» **Your objective**
Leave out the pictures and copy the remaining records exactly.

(Records from a data source)
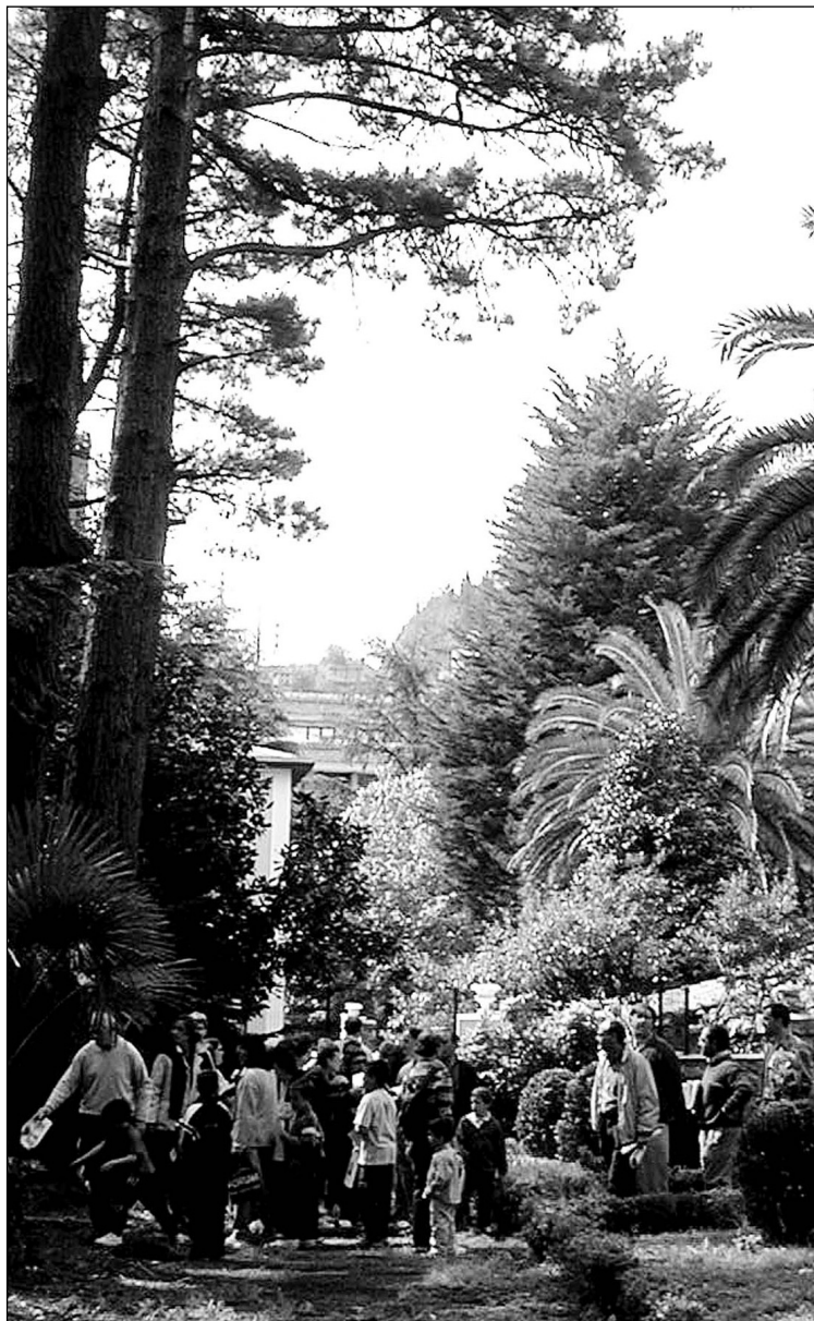
Nere Borda parkean bisita gidatua.

Parkearen bigarren zatia lora-tegi klasikoa deitzen zaio, eta hirugarren zatia gune didaktikoa, hemen ikasleak landareak landatzeko gunea dute. □
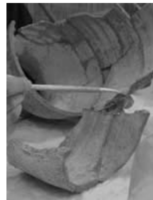
وصالی ظرف سفالین

برای وصالی سفال در کارگاه مرمت سفال پروژه حفاظت و مرمت چغازنبیل و هفت‌تپه از محلول پارالوئید در استون با درصد بین سی تا پنجاه استفاده می‌شود.
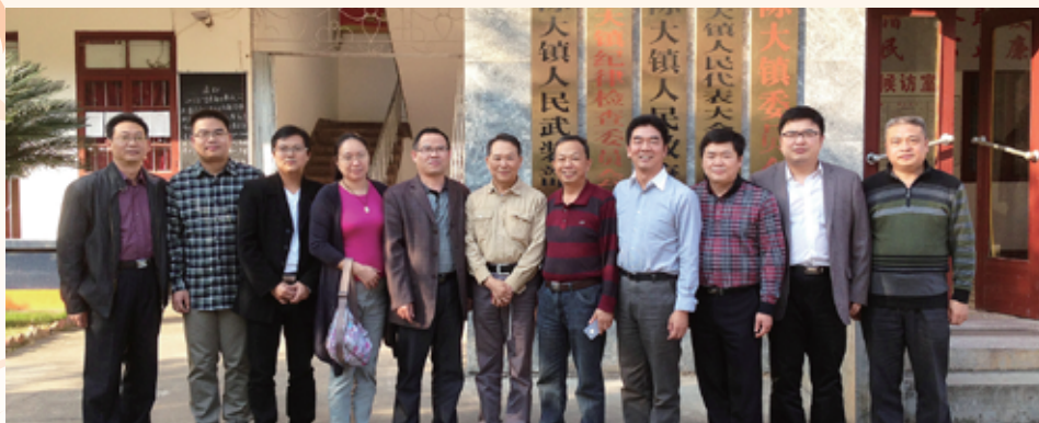
▲ 厦门校友会看望当地清华大学引才生，图为探访在三明乡镇工作的同学
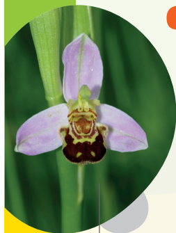
Ophrys abeille ( Ophrys apifera )

En participant à ce programme, vous pourrez mieux connaître la biodiversité de votre golf et suivre son évolution dans le temps, adapter vos pratiques de gestion et partager votre expérience avec d'autres structures.
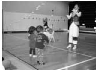
▲ストリンググラフィコンサートの様子

お子さんとママがお互いに「なでなでマッサージ」、ママがプロと不思議楽器演奏、ママも子供も一緒に床いっぱいお絵描き…。乳幼児とお母さんが一緒に楽しめる「0歳からの芸術体験プログラム」は、子育て経験のあるスタッフがサポートして、お母さんに創造性を発揮していただく機会も作っています。普段当該児童館を利用することのない地区からも参加がありました。芸術体験を活かしたママと乳幼児の笑顔あふれる「子育て支援」アートプログラムとして児童館で継続的な活動を目指したいと思います。
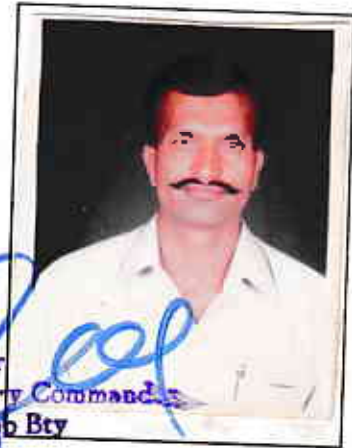
Major Battery Commander Demob Bty
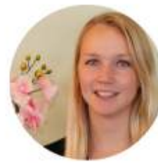
Linda Dance workout Full body workout
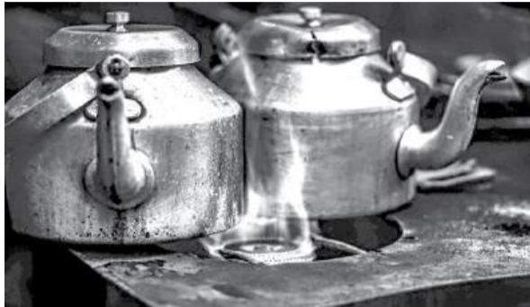
Assaltaram o restaurante "Cova Funda", mas o gás levou a melhor
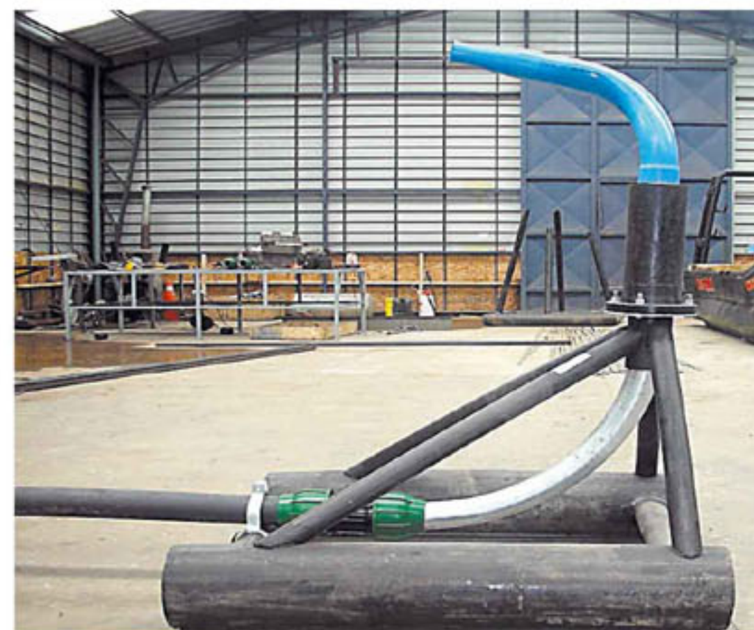
Dispersor de alimentos DA1-90

Para mayor información sobre sus productos y servicios, invitamos a visitar su portal Web, www.calbuplas.cl , o a través de su correo electrónico de contacto: empresa@calbuplas.cl
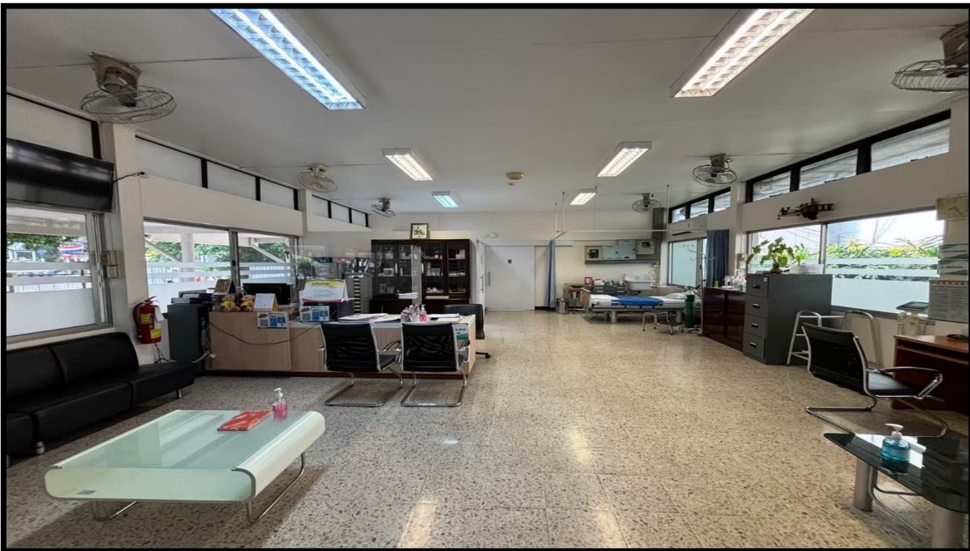
คลินิกการพยาบาลและการผดุงครรภ์ คณะพยาบาลศาสตร์ หอพักบางขุนนนท์
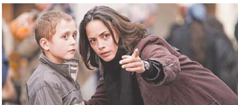
The Search de Michel Hazanavicius

„Premiul Media se atribuie artiștilor în scopul realizării unor filme de înaltă valoare artistică ce vor putea fi vizionate în toată Europa”, a subliniat Androulla Vassiliou. Noul lung-metraj al lui Danis Tanovic abordează tema co-

» **Answer for this exercise**
Nere Borda parkean bisita gidatua.

Parkearen bigarren zatia lora-tegi klasikoa deitzen zaio, eta hirugarren zatia gune didaktikoa, hemen ikasleak landareak landatzeko gunea dute. □
وصالی ظرف سفالین

برای وصالی سفال در کارگاه مرمت سفال پروژه حفاظت و مرمت چغازنبیل و هفت‌تپه از محلول پارالوئید در استون با درصد بین سی تا پنجاه استفاده می‌شود.
▲ 厦门校友会看望当地清华大学引才生，图为探访在三明乡镇工作的同学
Ophrys abeille ( Ophrys apifera )

En participant à ce programme, vous pourrez mieux connaître la biodiversité de votre golf et suivre son évolution dans le temps, adapter vos pratiques de gestion et partager votre expérience avec d'autres structures.
▲ストリンググラフィコンサートの様子

お子さんとママがお互いに「なでなでマッサージ」、ママがプロと不思議楽器演奏、ママも子供も一緒に床いっぱいお絵描き…。乳幼児とお母さんが一緒に楽しめる「0歳からの芸術体験プログラム」は、子育て経験のあるスタッフがサポートして、お母さんに創造性を発揮していただく機会も作っています。普段当該児童館を利用することのない地区からも参加がありました。芸術体験を活かしたママと乳幼児の笑顔あふれる「子育て支援」アートプログラムとして児童館で継続的な活動を目指したいと思います。
Major Battery Commander Demob Bty
Linda Dance workout Full body workout
Assaltaram o restaurante "Cova Funda", mas o gás levou a melhor
Dispersor de alimentos DA1-90

Para mayor información sobre sus productos y servicios, invitamos a visitar su portal Web, www.calbuplas.cl , o a través de su correo electrónico de contacto: empresa@calbuplas.cl
คลินิกการพยาบาลและการผดุงครรภ์ คณะพยาบาลศาสตร์ หอพักบางขุนนนท์
The Search de Michel Hazanavicius

„Premiul Media se atribuie artiștilor în scopul realizării unor filme de înaltă valoare artistică ce vor putea fi vizionate în toată Europa”, a subliniat Androulla Vassiliou. Noul lung-metraj al lui Danis Tanovic abordează tema co-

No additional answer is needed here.